Только потом я начал понимать, в чем было дело. Нейбург прекрасно осознавала, что неурядицы с моими листьями связаны не с неполнотой существовавшей классификации листьев кордаитов, которую надо только дополнить новыми видами, а с серьезными дефектами самого принципа построения классификации. Хотя мой материал был собран лишь в одном обнажении, но его было достаточно много — больше, чем обычно собирали в одном слое обнажения (мой материал происходил из одного небольшого слоя). И на большом материале границы между признанными видами стали размываться, появлялись переходные формы. Самое простое решение в таком случае — выделить переходную форму в отдельный вид, но между этим видом и прежними получаются новые переходные формы, теперь уже с двух сторон. Проблема не решается, а становится еще более запутанной. Это и значит, что принятая классификация дефектна и разрывает то, что мой материал заставлял объединять.

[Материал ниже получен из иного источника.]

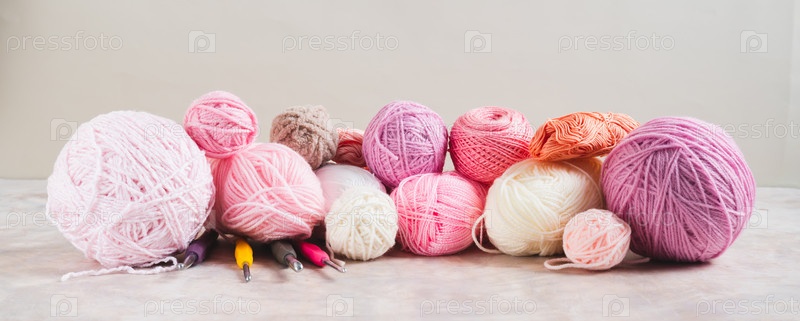 Много красочных пряжек из пряжи, крючков и вяжущих игл на столе веб-баннер

В очередной мой приход Нейбург показала несколько фотографий, полученных от томской аспирантки М. Д. Артамонцевой. Она попробовала изучать микроструктуру листьев кордаитов, снимая с них прозрачные пленки (реплики). Отпечаток покрывался аптечным коллодием, который, подсыхая, повторял микрорельеф отпечатка. Высохшую реплику можно снять с образца и рассматривать микрорельеф под микроскопом при большом увеличении. На фотографиях Артамонцевой были видны прекрасные оттиски клеток кожицы (эпидермы) листа. К тому времени большое систематическое значение структуры эпидермы было показано на примере многих растений, современных и ископаемых. Нейбург дала мне понять, что усовершенствование систематики листьев кордаитов возможно скорее на пути более углубленных исследований микроструктуры, чем за счет дробления видов по форме листа и густоте жилкования. Надо было обращаться к микроструктуре, ей я и посвятил свой диплом.
К сожалению, палеоботанику редко приходится сталкиваться с таким материалом, на котором хорошо видны и общая морфология растения, и детали его микроструктуры. Обычно, чтобы выколотить крупные листья из слоя целиком, порода не должна быть разбита на мелкие плитки. Таковы песчаники, которые плохо передают тонкие структурные признаки листа. Наоборот, алевролиты и особенно аргиллиты (глинистые сланцы) прекрасно передают микроструктуру отпечатка, но часто рассыпаются на мелкие плитки, каждая из которых вмещает только небольшую часть листа. Собрать все обломки листа, конечно, можно, но эта работа очень трудоемка. Во всяком случае геолог, собирающий остатки растений для определения возраста пород, не будет корпеть над мелкими плитками и подбирать из них целые листья. В коллекциях, доставленных геологами, оказывается слишком мало материала, пригодного для детальных микроструктурных исследований. Такой материал палеоботаник должен собирать сам.